(Supplied records):

*** Block opens ***

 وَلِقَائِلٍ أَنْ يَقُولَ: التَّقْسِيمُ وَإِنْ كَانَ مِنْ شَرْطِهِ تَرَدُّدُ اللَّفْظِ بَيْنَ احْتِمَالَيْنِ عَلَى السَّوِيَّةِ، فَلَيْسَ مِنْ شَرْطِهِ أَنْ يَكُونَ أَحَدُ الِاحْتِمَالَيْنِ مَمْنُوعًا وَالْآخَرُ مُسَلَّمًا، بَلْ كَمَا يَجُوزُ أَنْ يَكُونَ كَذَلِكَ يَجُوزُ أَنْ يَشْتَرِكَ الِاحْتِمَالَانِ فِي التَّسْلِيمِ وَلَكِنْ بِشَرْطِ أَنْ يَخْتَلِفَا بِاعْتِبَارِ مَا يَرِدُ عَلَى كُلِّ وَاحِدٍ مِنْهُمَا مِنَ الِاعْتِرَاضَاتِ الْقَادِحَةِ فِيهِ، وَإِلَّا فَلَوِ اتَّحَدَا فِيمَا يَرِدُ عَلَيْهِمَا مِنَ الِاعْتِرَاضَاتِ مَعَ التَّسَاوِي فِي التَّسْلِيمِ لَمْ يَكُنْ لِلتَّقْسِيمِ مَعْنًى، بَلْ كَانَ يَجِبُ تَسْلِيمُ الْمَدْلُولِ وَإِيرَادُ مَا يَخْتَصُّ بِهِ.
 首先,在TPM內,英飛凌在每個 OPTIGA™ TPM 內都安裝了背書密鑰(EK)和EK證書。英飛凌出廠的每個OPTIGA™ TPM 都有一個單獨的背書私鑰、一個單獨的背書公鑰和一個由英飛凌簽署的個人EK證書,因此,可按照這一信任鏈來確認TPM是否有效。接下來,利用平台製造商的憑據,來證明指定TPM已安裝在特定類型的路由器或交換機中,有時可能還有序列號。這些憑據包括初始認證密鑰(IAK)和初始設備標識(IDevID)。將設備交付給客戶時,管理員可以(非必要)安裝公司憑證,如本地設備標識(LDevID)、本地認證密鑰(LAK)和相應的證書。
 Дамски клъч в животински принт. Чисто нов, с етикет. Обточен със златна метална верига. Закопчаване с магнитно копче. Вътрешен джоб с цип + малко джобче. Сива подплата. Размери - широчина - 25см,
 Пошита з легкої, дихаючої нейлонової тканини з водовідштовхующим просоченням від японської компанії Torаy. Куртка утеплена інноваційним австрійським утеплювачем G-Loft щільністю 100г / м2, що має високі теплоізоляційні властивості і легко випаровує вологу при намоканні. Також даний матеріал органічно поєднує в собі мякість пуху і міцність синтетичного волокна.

*** Block closes ***
*** Block opens ***

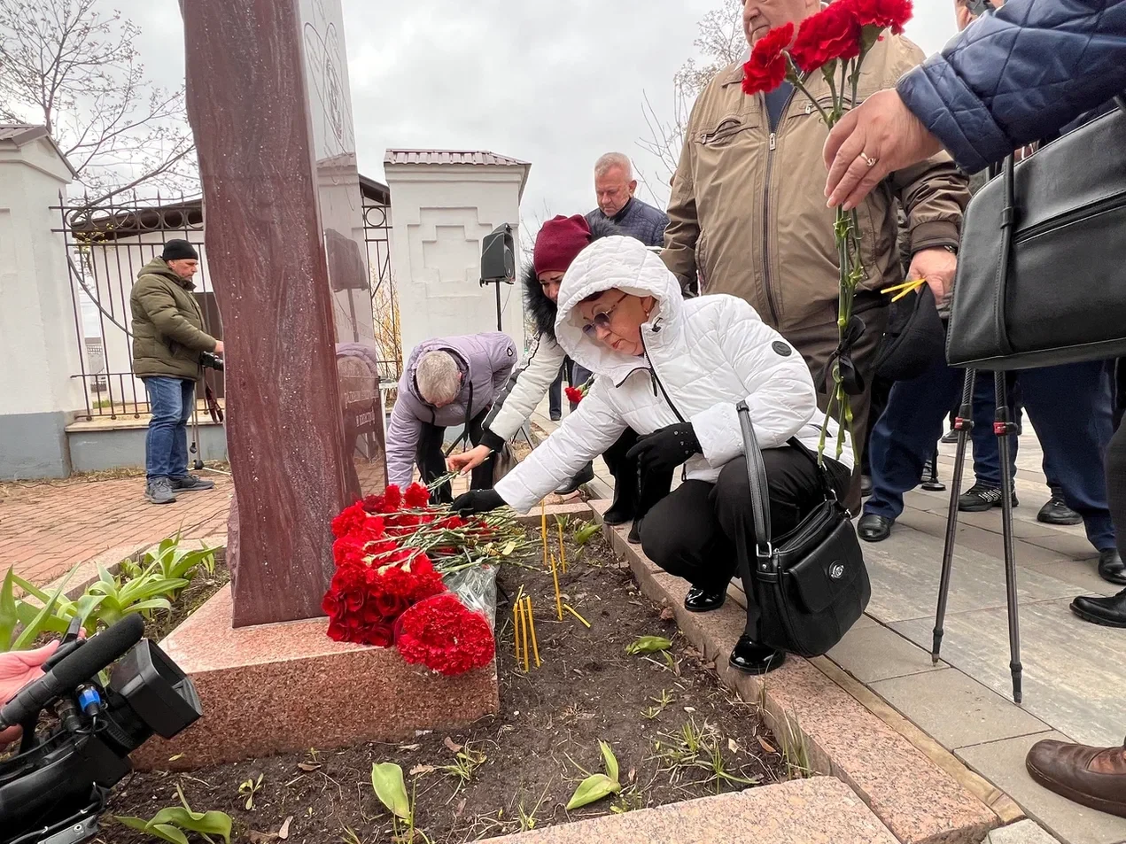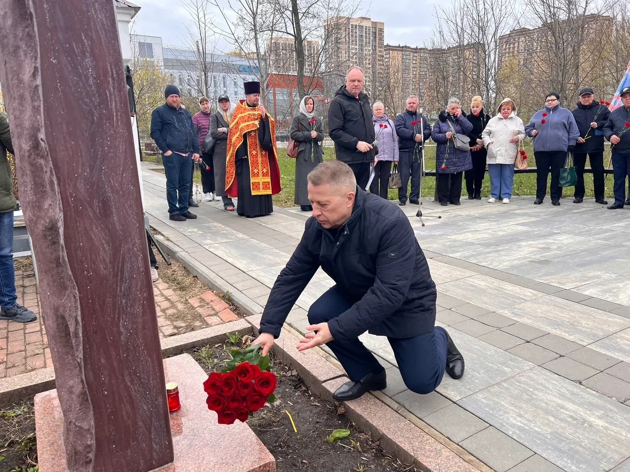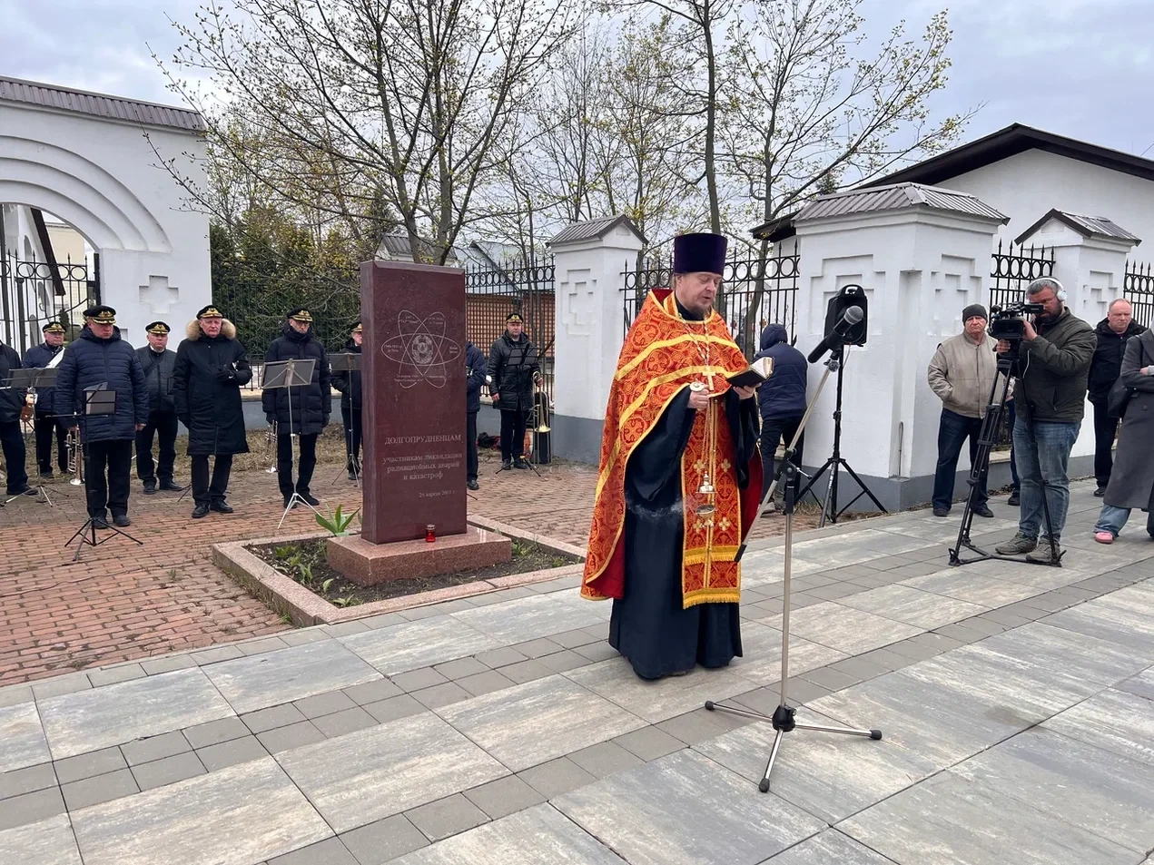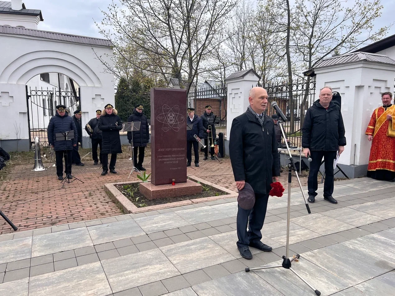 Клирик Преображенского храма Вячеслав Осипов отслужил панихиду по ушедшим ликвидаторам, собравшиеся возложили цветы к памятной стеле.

*** Block closes ***
*** Block opens ***

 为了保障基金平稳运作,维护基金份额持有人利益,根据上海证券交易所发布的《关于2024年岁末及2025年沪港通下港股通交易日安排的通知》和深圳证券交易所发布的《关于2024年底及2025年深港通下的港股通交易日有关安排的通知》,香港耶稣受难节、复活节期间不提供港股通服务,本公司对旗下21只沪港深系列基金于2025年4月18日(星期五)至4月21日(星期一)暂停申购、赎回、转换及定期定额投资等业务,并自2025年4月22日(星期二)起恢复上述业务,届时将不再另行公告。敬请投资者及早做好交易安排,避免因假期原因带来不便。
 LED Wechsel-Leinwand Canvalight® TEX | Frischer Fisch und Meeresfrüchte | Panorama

*** Block closes ***

(Exercise): The range runs from the line with "首先,在TPM內,英飛凌在每個 OPTIGA™ TPM" up to and including the line with "Дамски клъч в" in the listing above; please write out exactly those lines and nothing more.

(The completed task):
 首先,在TPM內,英飛凌在每個 OPTIGA™ TPM 內都安裝了背書密鑰(EK)和EK證書。英飛凌出廠的每個OPTIGA™ TPM 都有一個單獨的背書私鑰、一個單獨的背書公鑰和一個由英飛凌簽署的個人EK證書,因此,可按照這一信任鏈來確認TPM是否有效。接下來,利用平台製造商的憑據,來證明指定TPM已安裝在特定類型的路由器或交換機中,有時可能還有序列號。這些憑據包括初始認證密鑰(IAK)和初始設備標識(IDevID)。將設備交付給客戶時,管理員可以(非必要)安裝公司憑證,如本地設備標識(LDevID)、本地認證密鑰(LAK)和相應的證書。
 Дамски клъч в животински принт. Чисто нов, с етикет. Обточен със златна метална верига. Закопчаване с магнитно копче. Вътрешен джоб с цип + малко джобче. Сива подплата. Размери - широчина - 25см,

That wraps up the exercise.